> [Exercise aim]: Go to the line holding "household clothes hanger" in the data below and repeat it exactly, then each line after it up to and including the one holding "Corded handheld vacuum". Omit pictures.

> [Data]:
================
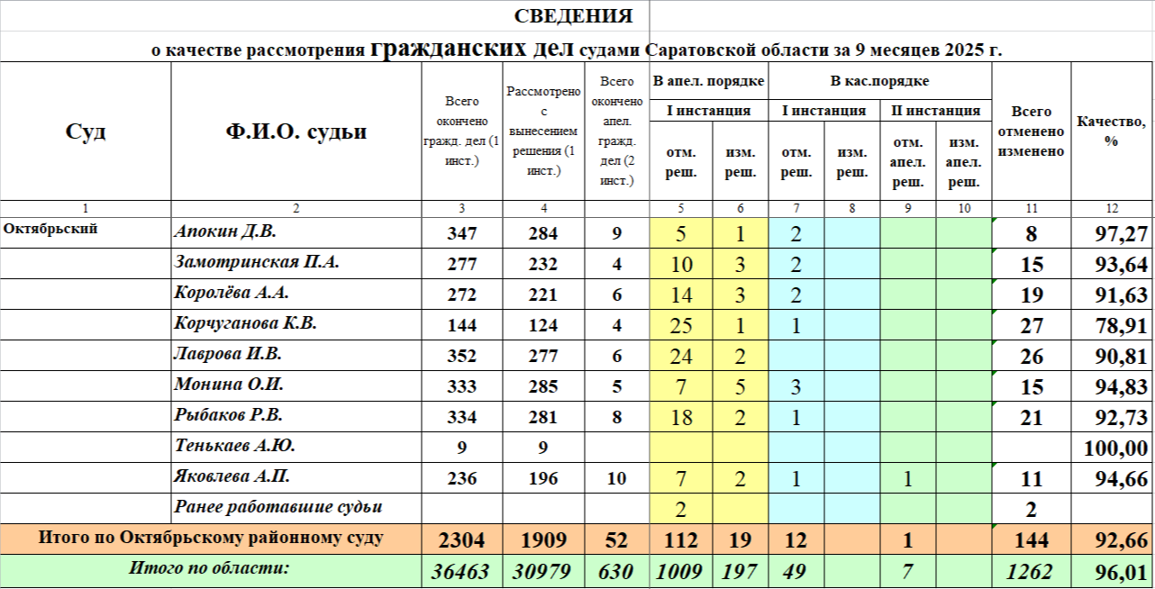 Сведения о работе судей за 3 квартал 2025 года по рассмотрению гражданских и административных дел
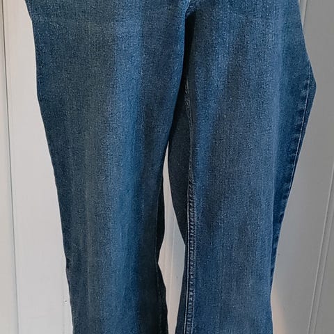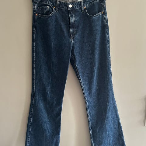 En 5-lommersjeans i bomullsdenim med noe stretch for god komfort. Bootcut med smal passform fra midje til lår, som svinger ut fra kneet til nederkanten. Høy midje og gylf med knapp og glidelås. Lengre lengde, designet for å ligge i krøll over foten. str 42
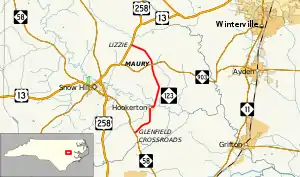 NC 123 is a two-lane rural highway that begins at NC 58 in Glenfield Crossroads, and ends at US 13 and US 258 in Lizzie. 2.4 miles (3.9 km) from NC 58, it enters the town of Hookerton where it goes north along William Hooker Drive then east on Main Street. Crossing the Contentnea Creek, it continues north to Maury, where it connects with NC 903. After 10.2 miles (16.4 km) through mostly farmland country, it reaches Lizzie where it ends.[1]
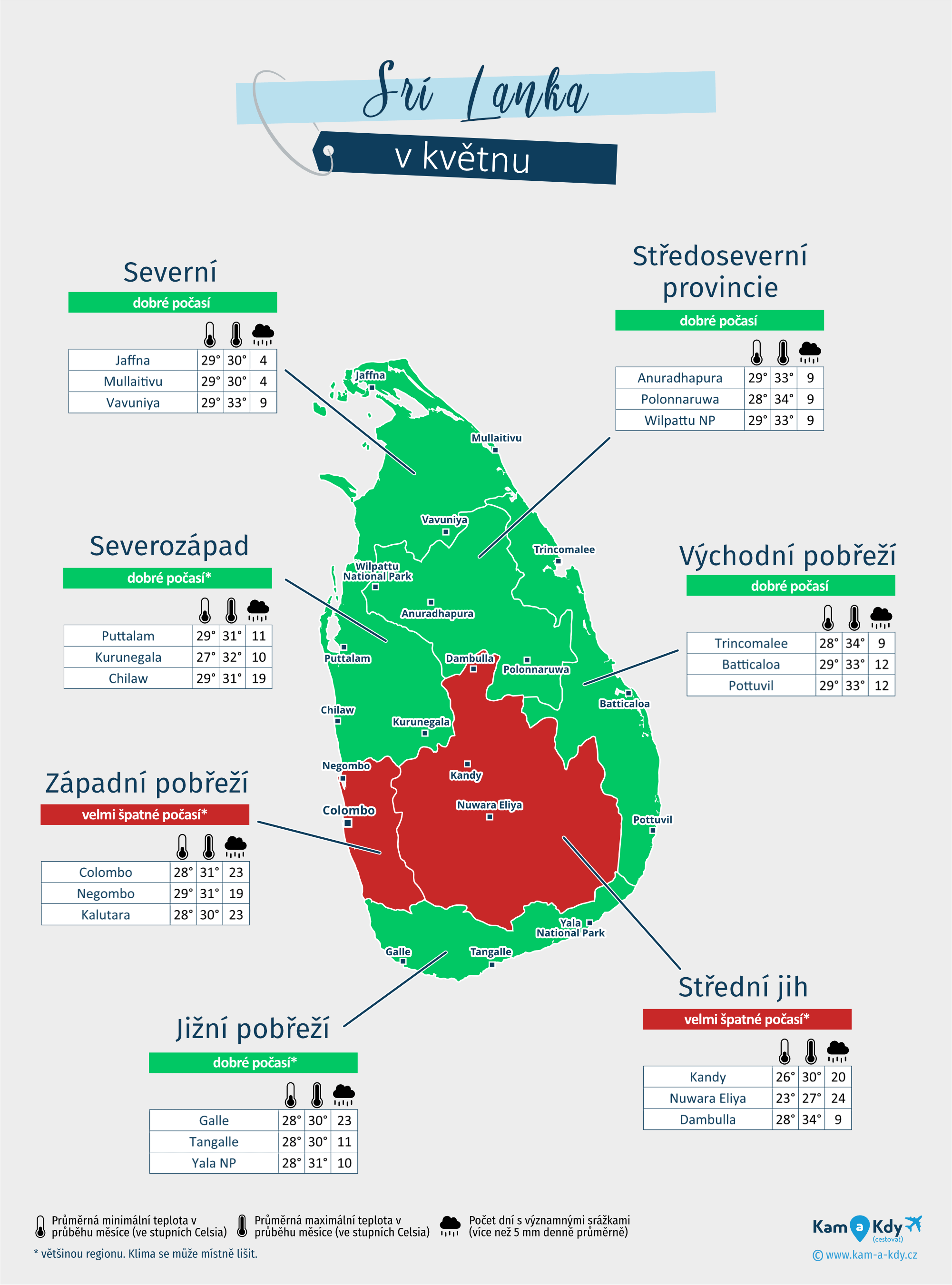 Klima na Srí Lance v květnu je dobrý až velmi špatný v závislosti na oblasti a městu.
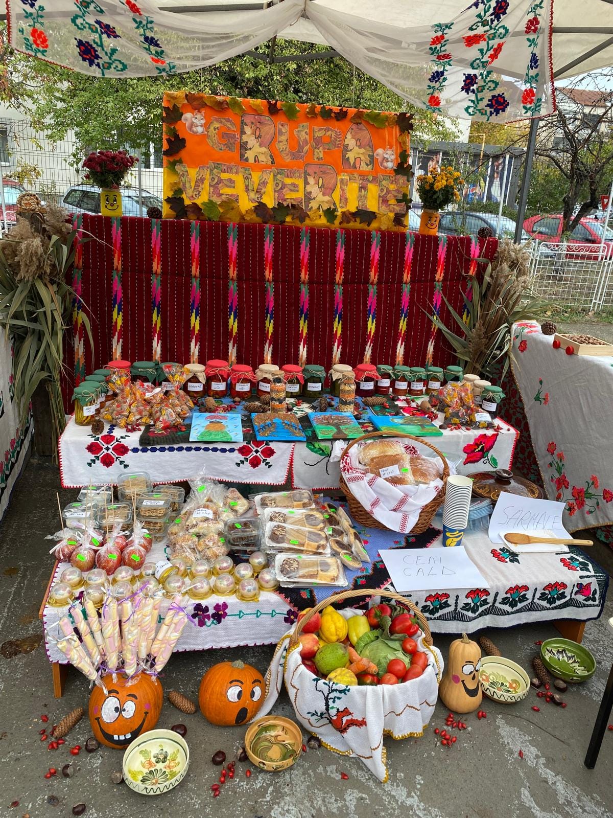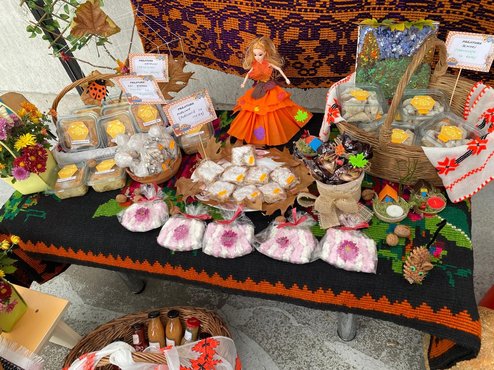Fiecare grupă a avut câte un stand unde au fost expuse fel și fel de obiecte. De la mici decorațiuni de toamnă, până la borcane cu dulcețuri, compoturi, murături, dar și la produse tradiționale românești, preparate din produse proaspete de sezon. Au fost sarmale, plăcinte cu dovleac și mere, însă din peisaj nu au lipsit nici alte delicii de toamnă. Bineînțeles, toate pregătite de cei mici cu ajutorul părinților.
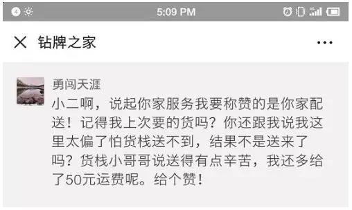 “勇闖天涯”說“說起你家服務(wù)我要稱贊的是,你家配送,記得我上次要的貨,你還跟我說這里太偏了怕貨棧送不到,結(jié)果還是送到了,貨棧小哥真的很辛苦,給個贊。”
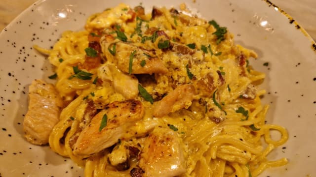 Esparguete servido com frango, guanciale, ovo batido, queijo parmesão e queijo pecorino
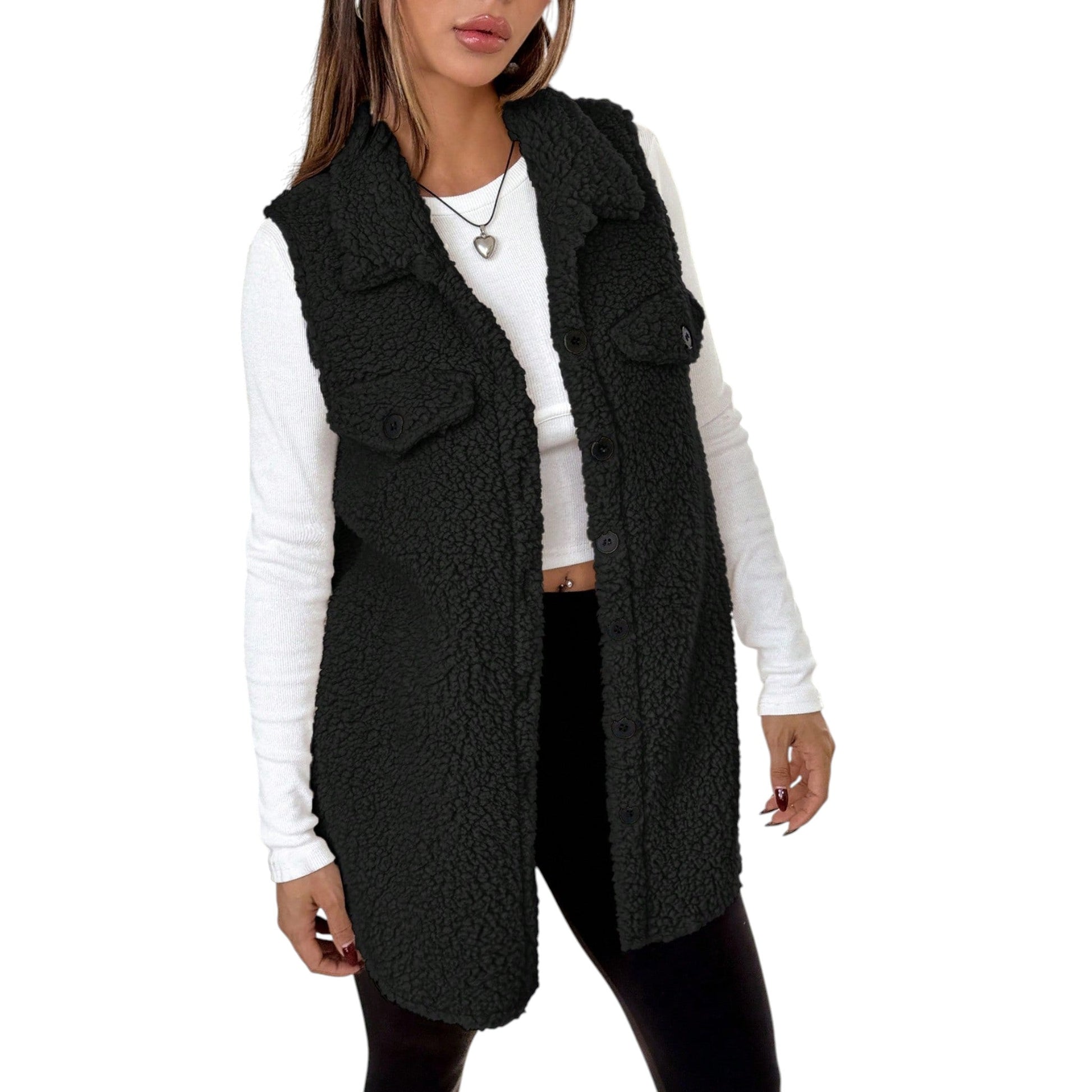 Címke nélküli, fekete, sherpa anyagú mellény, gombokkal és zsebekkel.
================
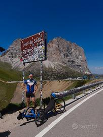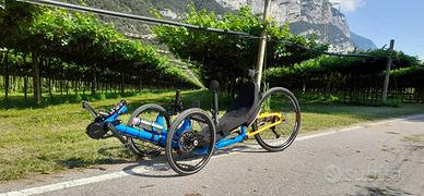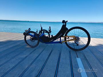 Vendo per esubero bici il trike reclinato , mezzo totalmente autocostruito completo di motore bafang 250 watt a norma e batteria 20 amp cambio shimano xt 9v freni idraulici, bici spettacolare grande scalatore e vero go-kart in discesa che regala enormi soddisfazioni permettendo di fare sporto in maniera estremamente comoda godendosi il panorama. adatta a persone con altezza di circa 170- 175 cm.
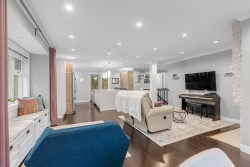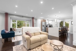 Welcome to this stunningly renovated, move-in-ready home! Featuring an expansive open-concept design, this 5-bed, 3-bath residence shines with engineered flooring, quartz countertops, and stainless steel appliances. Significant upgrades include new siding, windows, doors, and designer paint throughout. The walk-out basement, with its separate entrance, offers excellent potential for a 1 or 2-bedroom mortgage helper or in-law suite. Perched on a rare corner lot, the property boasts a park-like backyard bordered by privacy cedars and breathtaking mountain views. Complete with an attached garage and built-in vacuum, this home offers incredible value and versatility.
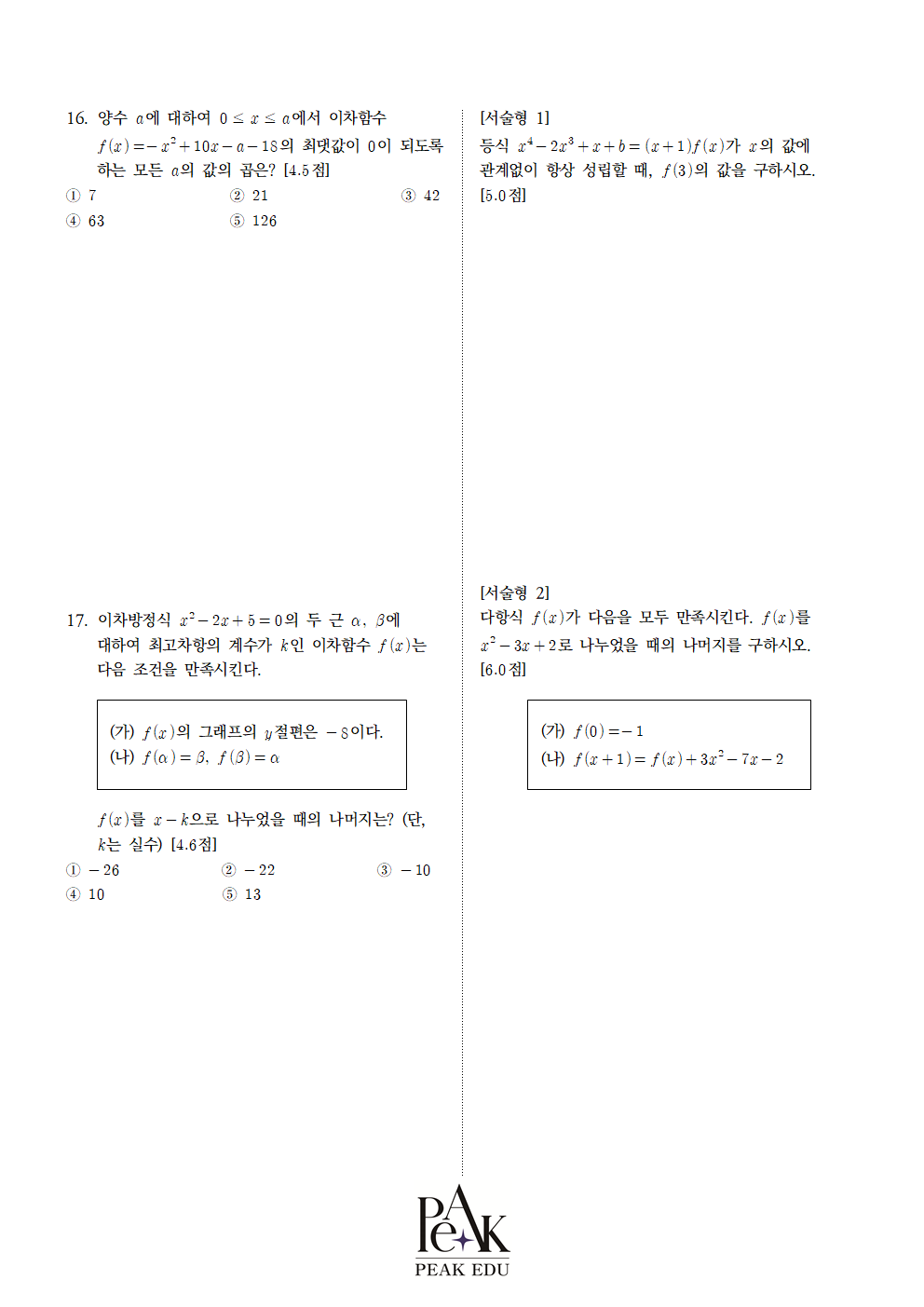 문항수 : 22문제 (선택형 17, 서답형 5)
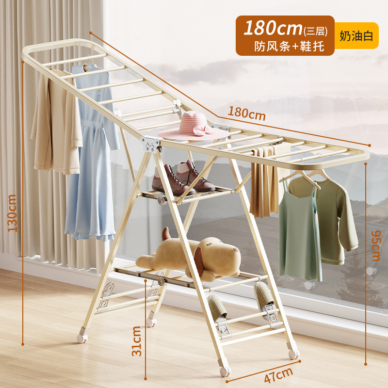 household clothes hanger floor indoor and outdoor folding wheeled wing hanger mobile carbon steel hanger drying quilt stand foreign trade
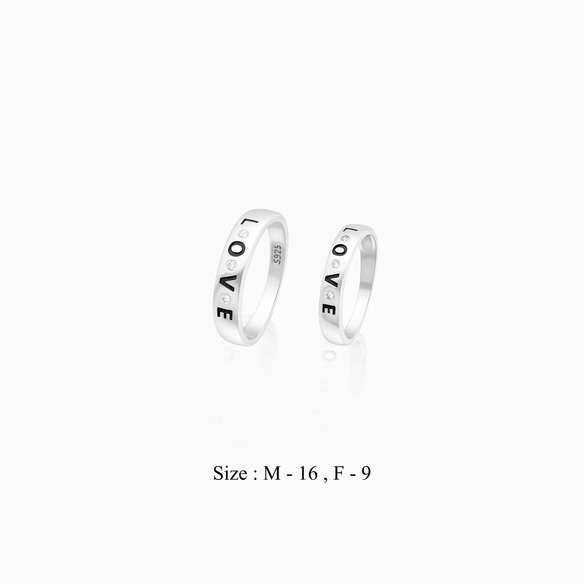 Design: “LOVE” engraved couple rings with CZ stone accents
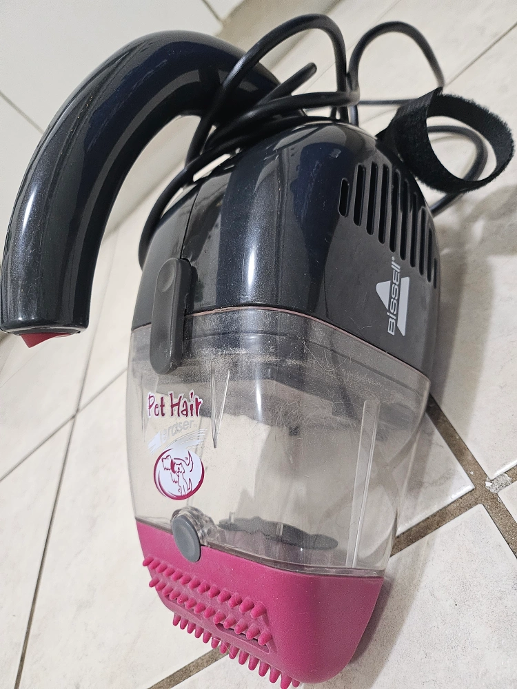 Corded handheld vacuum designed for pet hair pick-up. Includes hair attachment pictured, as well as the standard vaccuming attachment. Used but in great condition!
================
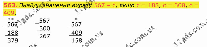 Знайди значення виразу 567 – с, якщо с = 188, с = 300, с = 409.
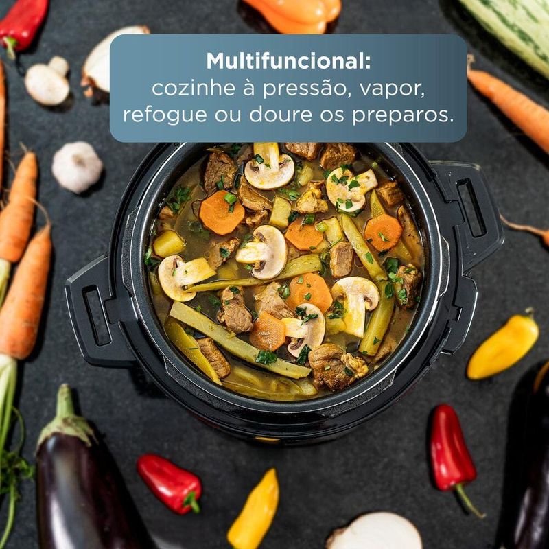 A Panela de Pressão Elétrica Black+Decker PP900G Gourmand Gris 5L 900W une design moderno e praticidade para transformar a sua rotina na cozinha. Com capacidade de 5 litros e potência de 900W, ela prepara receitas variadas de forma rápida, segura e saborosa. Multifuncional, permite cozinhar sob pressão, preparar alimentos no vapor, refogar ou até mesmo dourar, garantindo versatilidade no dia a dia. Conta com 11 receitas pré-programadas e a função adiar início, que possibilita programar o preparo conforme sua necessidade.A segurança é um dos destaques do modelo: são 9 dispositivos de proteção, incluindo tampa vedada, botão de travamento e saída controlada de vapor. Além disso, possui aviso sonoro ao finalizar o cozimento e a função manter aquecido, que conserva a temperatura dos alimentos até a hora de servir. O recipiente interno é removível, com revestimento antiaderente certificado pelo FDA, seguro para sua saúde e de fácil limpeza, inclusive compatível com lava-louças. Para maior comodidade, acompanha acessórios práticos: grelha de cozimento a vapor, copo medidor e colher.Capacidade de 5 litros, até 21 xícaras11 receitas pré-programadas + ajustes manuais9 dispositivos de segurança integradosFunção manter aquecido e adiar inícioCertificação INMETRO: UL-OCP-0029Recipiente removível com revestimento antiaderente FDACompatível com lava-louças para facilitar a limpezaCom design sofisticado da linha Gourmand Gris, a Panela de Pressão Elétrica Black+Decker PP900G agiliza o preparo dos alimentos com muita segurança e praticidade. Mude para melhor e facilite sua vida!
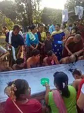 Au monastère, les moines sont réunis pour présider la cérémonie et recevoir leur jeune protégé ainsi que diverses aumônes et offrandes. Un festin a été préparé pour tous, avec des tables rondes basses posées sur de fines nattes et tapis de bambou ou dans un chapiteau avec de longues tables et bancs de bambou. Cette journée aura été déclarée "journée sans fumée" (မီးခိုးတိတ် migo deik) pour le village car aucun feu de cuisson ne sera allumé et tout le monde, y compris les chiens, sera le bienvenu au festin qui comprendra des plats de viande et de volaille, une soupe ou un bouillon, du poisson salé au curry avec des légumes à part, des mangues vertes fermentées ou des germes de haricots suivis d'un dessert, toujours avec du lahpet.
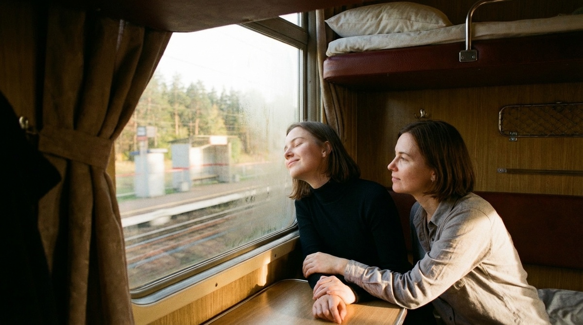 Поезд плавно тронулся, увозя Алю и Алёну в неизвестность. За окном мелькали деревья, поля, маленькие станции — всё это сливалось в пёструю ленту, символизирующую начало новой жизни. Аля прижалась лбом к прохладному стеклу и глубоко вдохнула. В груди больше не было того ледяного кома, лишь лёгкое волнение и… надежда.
================
> [Reply to the task]:
 household clothes hanger floor indoor and outdoor folding wheeled wing hanger mobile carbon steel hanger drying quilt stand foreign trade
 Design: “LOVE” engraved couple rings with CZ stone accents
 Corded handheld vacuum designed for pet hair pick-up. Includes hair attachment pictured, as well as the standard vaccuming attachment. Used but in great condition!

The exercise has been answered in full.